In summary, a metamath theorem encodes a "template" which will match
against the goal modulo substitution to the class and wff variables of the
statement. A fixed theorem cannot do anything more complicated than that,
which means in particular that you can't "pre-substitute" a term into an
expression - you have to give that subgoal back to the user. This is why
theorems like nnind (http://us2.metamath.org/mpeuni/nnind.html) have a
bunch of hypotheses like ( x = 1 -> ( ph <-> ps ) ), because the theorem is
trying to make it convenient to do the substitution (here ps is meant to
denote [ 1 / x ] ph), but the best it can do is set up the required
equality subproof, because it doesn't yet know what the expressions are so
it can't apply the right equality theorem. A theorem cannot conditionally
apply a theorem, and it can't do proofs by recursion on the structure of
the input expression.

You can't prove all of David's theorems with one proof. In fact, you can
>> almost never apply one proof (sequence of theorem applications) to prove
>> multiple theorems, unless one is a substitution instance of another, and we
>> generally try to avoid that in the library.
>>
>
> To use unification in a proof we would need the following steps:
>
>    1. template:   $e  A template to be unified in which a set variable
>    appears twice
>    2. substitute:  $e  Equality of two Class expression to be substituted
>    into different instances of the set variable.
>    3. instantiate: $p  theorem: the template unified with the two
>    substitutions.
>
> For relatively shallow expressions like David's Algebra Helpers, it may be
> easy to generate short proofs that do not use substitutions.
> As the tree depth of the expression grows, using substitution will make
> more sense and have more benefits.
>

Hopefully I've explained why this cannot be done in the language of
metamath for fundamental logical reasons.

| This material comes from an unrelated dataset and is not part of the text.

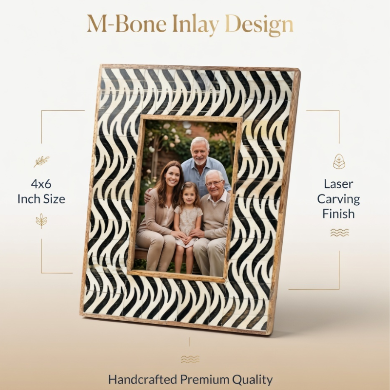 Luxury Bone Inlay Photo Frame 4x6 Inch Handcrafted |Elegant Decorative Picture Frame for Tabletop Office Desk Home Decor Gifting
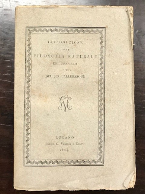 <span style="font-style: normal;">In-8° (cm. 20,8), brossura editoriale a stampa, pp. 242 in buono stato e in barbe, alcune fioriture. Pirro Lallebasque è anagramma di Pasquale Borrelli [Passano-Rocco, </span><i>Supplemento al Dizionario delle opere anonime e pseudonime di G. Melzi</i>, p. 16]. Edizione originale di una delle opere principali del filosofo, che rientrato dall'esilio politico del 1821 propone la sua concezione filosofica ispirata agli ideologi francesi interpretata in senso positivistico. Buon esemplare genuino. (NF1)

That of course does not mean that
it can't be done outside the language, in the tooling, and this is exactly
what mmj2 does. The choice to spam text to the screen on success as mmj2
does is an implementation detail; my new proof assistant for metamath zero
doesn't display autogenerated steps which makes it significantly less
verbose (for better or worse).


> Metamath allows us to use unification on lemmas.
> I understand why we want to avoid having too many lemmas.
> Using lemmas (instead of a sequence of proof steps) inflates the library
> size and increases maintenance overhead.
>
> David's Algebra Helpers (and my more esoteric examples) can already be
> added as "lemmas" in personal toolboxes.
> I prefer using 3 proof steps (template, substitute, instantiate) to
> creating a new lemma for every template we might need.
> Is there a way to do that?
>

This procedure can be implemented as a macro or tactic in a proof
assistant, which is in some ways better than a lemma (they are more
flexible) and in some ways worse (the tactic itself is not stored, just the
result, so if you come back to the theorem later there will be no evidence
that you used a program to generate the proof).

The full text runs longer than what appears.